StreamPipes is an open platform which can be easily extended at runtime by adding new data streams, data processors and data sinks. When developing new components, usually multiple elements, called pipeline elements, are bundled into a self-contained pipeline element container. This container is deployed as a standalone microservice. This service is self-descriptive and exposes its description (see below for a detailed explanation) to the StreamPipes management backend. Once the service is deployed, it can be installed using the StreamPipes UI and all elements provided by this service are ready to be used as part of new pipelines.
To ease the extension of StreamPipes, we provide a powerful Software Development Kit (SDK) that allows you to define new pipeline elements for your StreamPipes instance.
In this section, we briefly describe the main concepts of StreamPipes. Although it might give an abstract overview, we are sure that many concepts will be more clear once you've created your very first pipeline element yourself. So check out our tutorials!
A Data Stream is the main concept to describe the source of a pipeline. DataStreams consist of an RDF description (which will be generated automatically when using the SDK) and a runtime implementation. The description includes information on the schema of a data stream, e.g., measurement properties the payload of a stream provides. Furthermore, the description contains information on the grounding, such as the transport format (e.g., JSON) and transport protoocol (e.g., MQTT or Kafka).

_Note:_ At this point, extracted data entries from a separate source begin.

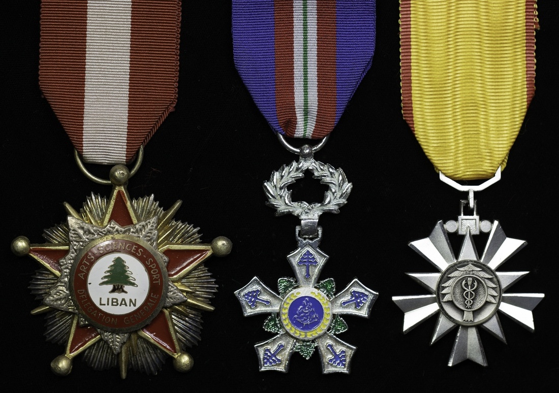 Lebanon, Order of Public Health Merit, 2nd Class, 58mm including suspension x 41mm, silvered metal, scarce; Maronite Church Order, 3rd Class, 71mm including suspension x 38mm, chrome plate; Order of the General Delegation of Arts, Sciences & Sports, 2nd Class, 69mm including suspension x 58mm, bronzed and silvered metal, very fine (3)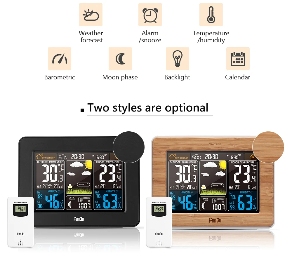 FanJu FJ3365 многофункциональная цифровая метеостанция с будильником. С цветным ЖК-экраном, термометром и гигрометром он может отображать атмосферное давление, а Прогноз погоды прогнозируется атмосферным давлением. Поддерживая один беспроводной датчик, вы можете разместить датчик на улице или в другой комнате. Работайте с питанием от USB, независимо от того, находитесь ли вы в Европе, Америке или Океании. Современный минималистичный дизайн-отличный аксессуар и инструмент.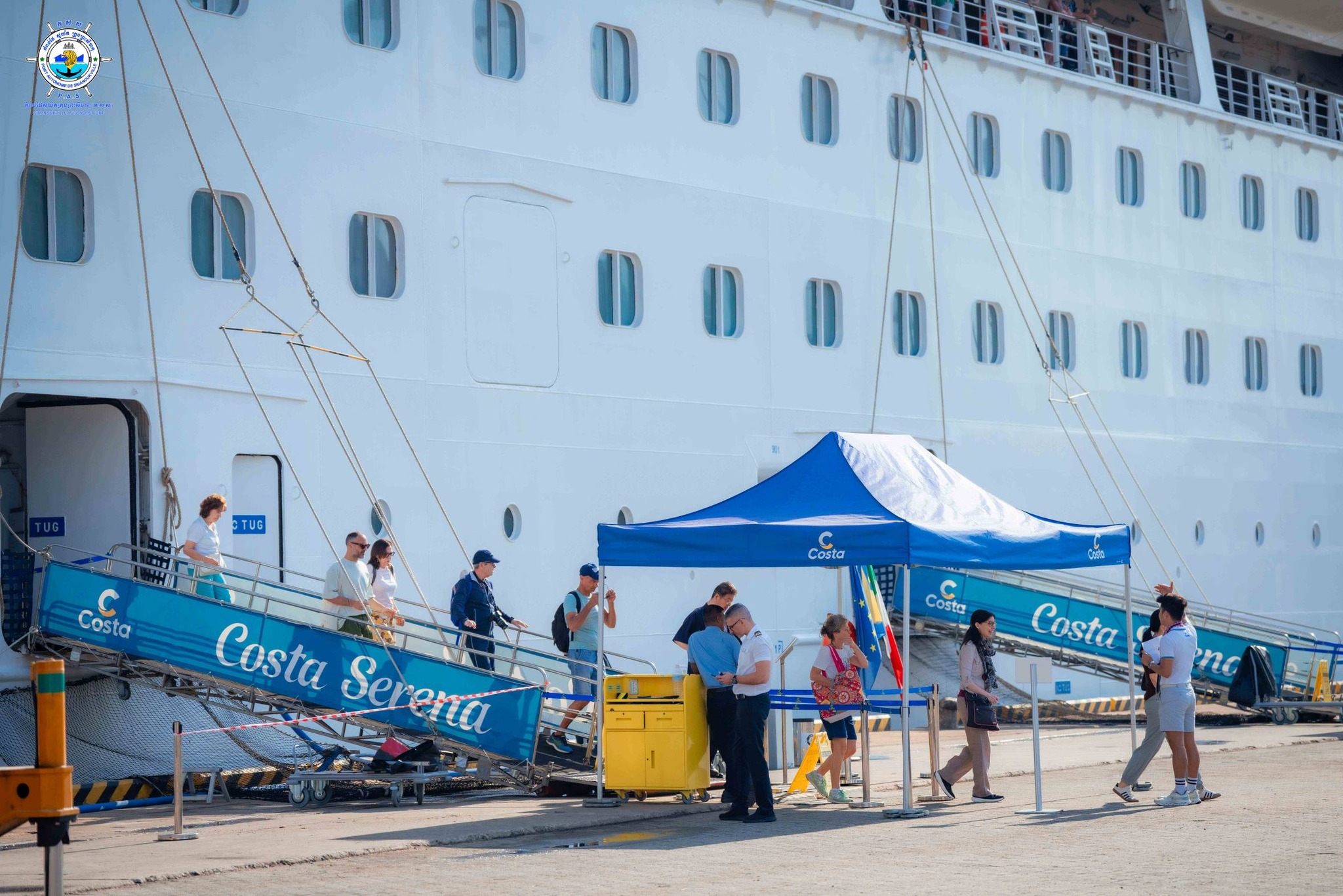 Sihanoukville Autonomous Port (PAS) At 7:00 on Wednesday, 4th February 2026, COSIA SERENA cruise ship with nationality of ITALY, length of 290.20 meters, width of 35.50 meters and depth of 8.00 meters, docked safely at PAS to visit Cambodia for one-day after leaving Vietnam. This cruise ship carries 1,030 crew members (194 females) with 35 nationalities and 2,890 passengers (1,640 females) with 59 nationalities. Most of passengers ‘nationalities are 794 Italy, 251 German and 247 French and this cruise ship is scheduled to depart for Thailand at 16:00 on the same date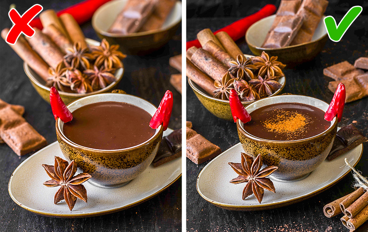 Поєднайте какао, багате антиоксидантами, з кайенским перцем або чилі, який знижує апетит, покращує метаболізм і сприяє більш активного окислення жирів (в ході якого жири розщеплюються на жирні кислоти перетворюються в енергію), і разом вб'єте двох зайців: задовольните свої смакові рецептори і не нашкодите фігурі.

One or more data streams are assigned to a Data Source to improve discovery of existing streams.
Data Processors transform on or more input event streams to an output event stream. Data processors can be stateless (e.g., filter operations on every event of an input stream) or stateful (e.g., time-based aggregations using sliding windows). Similar to data streams, processors consist of an RDF description and a corresponding implementation. The description is being used by the StreamPipes backend in order to determine the compatibility of a data processor and an input event stream and includes information the required minimum event schema as well as required user input and the definition of the output event stream.

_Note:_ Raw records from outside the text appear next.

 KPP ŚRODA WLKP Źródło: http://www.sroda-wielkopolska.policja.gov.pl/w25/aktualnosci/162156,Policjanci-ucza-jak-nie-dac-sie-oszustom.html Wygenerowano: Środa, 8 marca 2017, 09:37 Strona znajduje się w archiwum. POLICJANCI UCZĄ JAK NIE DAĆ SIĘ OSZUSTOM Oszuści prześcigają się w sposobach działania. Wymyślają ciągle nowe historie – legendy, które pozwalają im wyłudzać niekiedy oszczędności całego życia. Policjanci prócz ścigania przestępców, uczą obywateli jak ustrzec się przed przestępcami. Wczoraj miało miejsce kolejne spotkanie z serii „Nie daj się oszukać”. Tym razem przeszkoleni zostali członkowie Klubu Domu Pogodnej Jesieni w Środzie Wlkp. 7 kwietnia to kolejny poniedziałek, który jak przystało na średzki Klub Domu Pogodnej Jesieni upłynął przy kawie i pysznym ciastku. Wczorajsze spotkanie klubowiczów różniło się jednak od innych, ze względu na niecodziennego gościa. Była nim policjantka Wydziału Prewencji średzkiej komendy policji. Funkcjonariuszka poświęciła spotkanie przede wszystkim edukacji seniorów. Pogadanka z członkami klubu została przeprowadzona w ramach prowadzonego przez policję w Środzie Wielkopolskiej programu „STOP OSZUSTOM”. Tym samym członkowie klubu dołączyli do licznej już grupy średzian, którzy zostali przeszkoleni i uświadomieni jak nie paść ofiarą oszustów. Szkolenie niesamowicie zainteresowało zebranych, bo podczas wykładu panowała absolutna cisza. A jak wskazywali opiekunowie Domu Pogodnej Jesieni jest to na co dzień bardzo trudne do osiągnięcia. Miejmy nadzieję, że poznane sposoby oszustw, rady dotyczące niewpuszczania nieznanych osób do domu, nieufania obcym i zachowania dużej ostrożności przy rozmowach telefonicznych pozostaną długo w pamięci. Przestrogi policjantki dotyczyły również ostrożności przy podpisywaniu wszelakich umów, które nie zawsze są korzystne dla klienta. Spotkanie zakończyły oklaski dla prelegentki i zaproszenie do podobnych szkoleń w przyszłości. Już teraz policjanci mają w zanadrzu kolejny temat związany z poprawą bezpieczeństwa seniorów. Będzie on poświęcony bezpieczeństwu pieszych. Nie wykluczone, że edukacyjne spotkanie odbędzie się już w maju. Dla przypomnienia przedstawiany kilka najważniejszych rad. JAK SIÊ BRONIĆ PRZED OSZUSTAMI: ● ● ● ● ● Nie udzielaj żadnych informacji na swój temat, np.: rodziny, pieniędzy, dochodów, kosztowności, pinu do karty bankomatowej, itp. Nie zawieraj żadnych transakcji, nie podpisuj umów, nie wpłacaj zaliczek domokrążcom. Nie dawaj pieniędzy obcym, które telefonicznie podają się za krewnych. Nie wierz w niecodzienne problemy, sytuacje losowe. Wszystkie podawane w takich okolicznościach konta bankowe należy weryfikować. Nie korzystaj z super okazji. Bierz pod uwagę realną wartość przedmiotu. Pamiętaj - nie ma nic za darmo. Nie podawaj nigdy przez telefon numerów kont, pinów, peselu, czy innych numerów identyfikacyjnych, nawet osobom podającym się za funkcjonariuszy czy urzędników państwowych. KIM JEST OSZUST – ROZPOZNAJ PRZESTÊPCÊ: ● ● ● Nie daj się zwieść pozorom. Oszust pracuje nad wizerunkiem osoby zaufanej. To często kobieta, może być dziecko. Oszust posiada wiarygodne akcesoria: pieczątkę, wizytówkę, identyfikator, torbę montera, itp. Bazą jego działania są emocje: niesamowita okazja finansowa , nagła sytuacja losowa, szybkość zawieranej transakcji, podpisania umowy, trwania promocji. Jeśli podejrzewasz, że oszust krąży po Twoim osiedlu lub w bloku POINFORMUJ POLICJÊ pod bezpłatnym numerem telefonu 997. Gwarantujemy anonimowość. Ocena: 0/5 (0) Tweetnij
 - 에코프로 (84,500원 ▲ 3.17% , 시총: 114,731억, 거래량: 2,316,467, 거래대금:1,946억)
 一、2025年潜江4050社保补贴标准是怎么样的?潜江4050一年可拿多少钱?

The implementation of a data processor can be defined using a set of provided runtime wrappers. These wrappers define where computation logic actually takes place once a pipeline was started. We currently provide runtime wrappers for various Big Data processing engines (e.g., Apache Flink) and lightweight standalone processors.
The concept of Data Sinks is very similar to the concept of data processors with the exception that sinks do not produce any output streams. Therefore, sinks are used in StreamPipes to mark the end of a pipeline and reflect 3rd party applications, notifications or dashboard components.
Some data processors or data sinks might require input from users when pipelines are created using these elements. For instance, a generic filter component might require information on the filter operation and a threshold value. Such required user input can be modeled by defining static properties. Static properties can be defined in many ways, e.g., plain text input, selections (e.g., radio buttons) or can be linked to separately stored domain knowledge. The SDK contains many convenient functions that help you defining static properties.
As mentioned above, data processors also define the output event schema. However, as data processors in StreamPipes are often generic and can therefore be linked to any event stream that matches the input requirement of a data processor, the exact output schema is not known in the development phase when a data processor is defined. Therefore, data processors define their output using output strategies. Such strategies describe the transformation process, i.e., how an input stream is transformed to an output stream. Multiple pre-defined output strategies exist that you can choose depending on the behaviour of a data processor. For instance, the output schema of a filter component is usually similar to the input schema, so you would use a KeepOutputStrategy. On the other hand, an enrichment component usually adds additional properties to an input schema - this can be defined using a AppendOutputStrategy. Sometimes you want to let the user define the output schema. In this case, a CustomOutputStrategy can be defined.
As stated in the beginning, pipeline element containers are deployed as self-contained microservices. The client types describes the environment this service is running in. Currently supported clients are standalone, which defines a standalone service that contains both the description and implementation part (which is often submitted to a computing cluster prior to pipeline execution) in addition to an embedded Jetty web server which creates a fat jar file, and embedded, which creates a war file that can be imported into an existing application server.